Comment 6: Operational Definition of Complexity and Collaborative Judgment

Lines 166 and 167 describe more complex objects. Please, be more specific in the description. Explain what you mean by collaborative judgment in this experiment.

Location: Section 2.3 (Method - Apparatus and Stimuli)

Response:

We appreciate the reviewer's request for clarification. In the revised manuscript, we now explicitly define object difficulty based on classification accuracy obtained in a preliminary experiment. Objects with higher accuracy were categorized as easy, whereas those with lower accuracy were categorized as hard.

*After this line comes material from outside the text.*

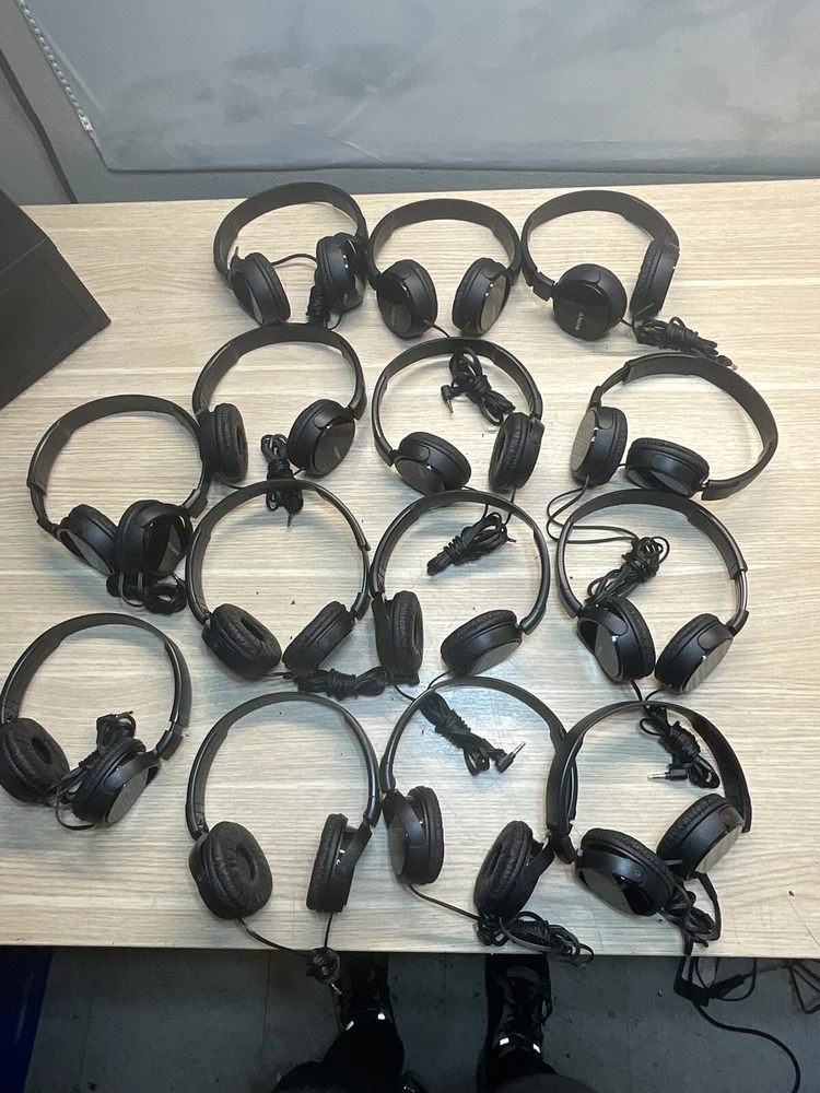 Enjoy your music with these Sony MDR-ZX110NC headphones, perfect for portable audio. The headphones have a headband fit design with ear-cup (over the ear) earpiece design, providing a comfortable and secure listening experience. The leather cushions ensure a comfortable fit, while the foldable design makes them easy to store and transport. These headphones have a closed-back feature, providing a clear and immersive sound experience. The L-shaped plug ensures a secure connection, while the stereo sound enhances the overall listening experience. The Sony MDR-ZX110NC headphones are a great addition to your music collection.///this lot of 14 units are PREOWNED ‘ see images //
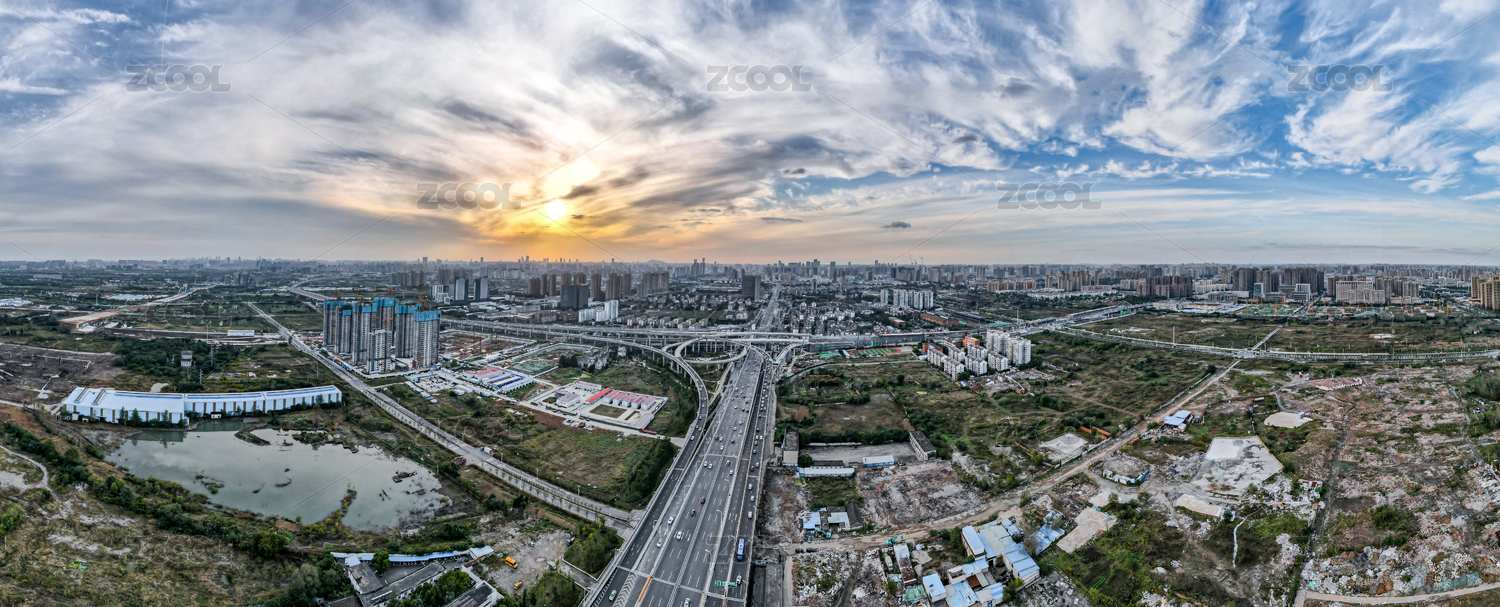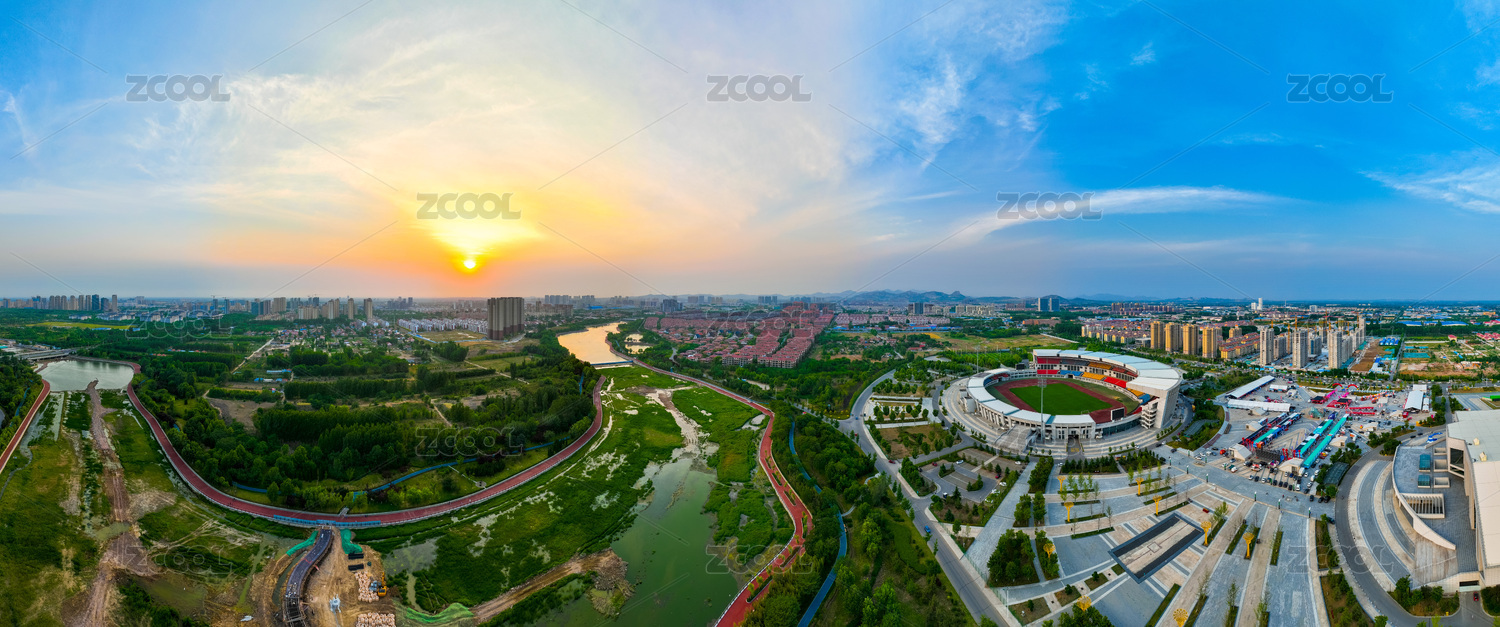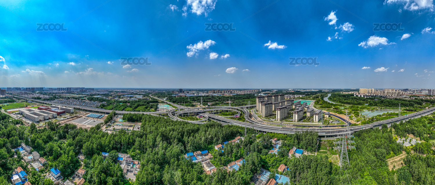 中国浙江省宁波市鄞州区院士公园和南高教园区全景

In addition, we define collaborative judgment as the process by which participants resolve ambiguous category decisions through interaction with a partner rather than relying solely on individual judgment. This definition has been added to the manuscript to clarify the meaning of this term in the context of our experiment.

Manuscript Changes:
- Section 2.3 (Apparatus and Stimuli): Added operational definitions in the paragraph describing difficulty levels:
"Objects were operationally defined as 'more complex,' 'Hard,' or 'ambiguous' when they achieved categorization accuracy rates below .80 in preliminary testing, indicating substantial uncertainty in category membership. These high-difficulty objects included ambiguous items such as camping equipment that required collaborative judgment for accurate categorization. 'Collaborative judgment' refers to trials where both participants needed to interact to resolve category uncertainty, as the objects' ambiguous nature made individual categorization unreliable."

================================================================================

We hope that these revisions adequately address all of the reviewer's concerns and improve the clarity and completeness of the manuscript. We are grateful for the constructive feedback that has helped us strengthen the Methods section and improve the transparency of our experimental procedures.

Round 2

Reviewer 1 Report

Comments and Suggestions for Authors

Reviewer 2 Report

Comments and Suggestions for Authors

The authors responded satisfactorily all comments and modified the text accordingly.